Похоже было, что мы ехали по улицам большого города; я услыхал, как кто-то играл на флейте и пел. Но здесь, на чужой стороне, ни флейта, ни песня ничего нам не говорили, а спросить было некого — солдат я расспрашивать боялся. Машина вовсю сигналила, вокруг шумела толпа. Я догадался, что мы выезжаем из города, и все наши тоже догадались. Страх мой вдруг как рукой сняло, может, оттого, что солдат, который подстрелил бедного парня, теперь улыбался нам и насвистывал какую-то песенку. Часы свои я вытаскивать боялся и все прикидывал наугад, сколько мы так будем ехать. Часа два, пожалуй, мы катили, и наконец грузовик остановился. Тут я увидел, что из кабины вылезает мой знакомец в хаки (я вспомнил, как он назвал меня храбрым парнем), и говорю Карлосу:
— Вот видишь, и он здесь, значит, все идет как по маслу, а ты еще сомневался…
— А где же наша работа? — спросил он меня. — Тут кругом одна солдатня.
Я подумал, что, может, нас привезли строить форт, и поспешил сказать про это Карлосу:
— А где форт, там и солдаты, сам должен понимать.
Мы вылезли из грузовика и стали разглядывать солдат в беретах и белых альпаргатах. Потом нас отвели во внутренний двор и оттуда выкликали одного за другим по тому списку, в который нас записали еще на пароходе. Какой-то солдатик, коротышка вроде меня, только здорово черный, начал для потехи приплясывать и напевать тонким бабьим голосом: «Эй, красотка…» Я подошел к нему, обнял его за плечи — не ахти как я жаждал с ним обниматься, да надо же было подбодрить Карлоса и всех остальных — и начал ему подтягивать. Но тут как раз меня вызвали (понятно, выкликнули не меня, а Жеронимо Арренегу, поскольку я его именем назвался). Я прямо чуть не бегом побежал: так мне не терпелось узнать, какую мне дадут работу.
И вот, значит, стою я перед сеньором иностранцем, который купил меня за пятьдесят эскудо.
— Жеронимо Арренега?
— Да, сеньор, к вашим услугам.
— Vingt ans?[18]
Это я понял. Я уже немного понимал по-ихнему.
— Да, сеньор, мне двадцать, а моему брату двадцать один.
— Ты, парень, лишнего не говори, отвечай только на вопросы, — вмешался военный в хаки.
Они велели мне раздеться, поставили на весы, измерили рост, даже зубы осмотрели.
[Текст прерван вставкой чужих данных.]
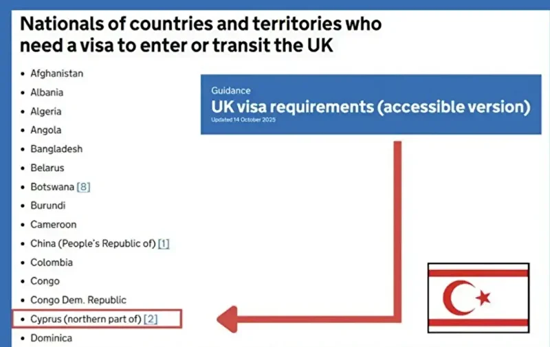 İngiltere'nin resmi vize sorgulama portalında ülke seçenekleri arasına “Kıbrıs (Kuzey kısmı)” ifadesinin eklenmesi, Yunanistan ile Güney Kıbrıs yönetiminin sert tepkisine yol açtı.

Потом приказали помаршировать по цементному полу, и сеньор иностранец что-то сказал офицеру в хаки, а после улыбнулся мне и тоже что-то сказал, — видать, приятное, только я не помял. Мой знакомец пояснил мне:
— Отличный солдат из тебя выйдет, парень. Нам нужны такие бравые солдаты.
Я опешил.
— Но я сюда работать приехал?!
— А разве быть солдатом — плохая работа?
— Может, и не плохая, а только мне она не по вкусу. Я не хочу быть солдатом. И мой брат — он нарочно сюда завербовался, чтоб его в солдаты не взяли.
— Ну, довольно болтать. Марш в казарму, и чтоб без разговоров там, а то худо будет.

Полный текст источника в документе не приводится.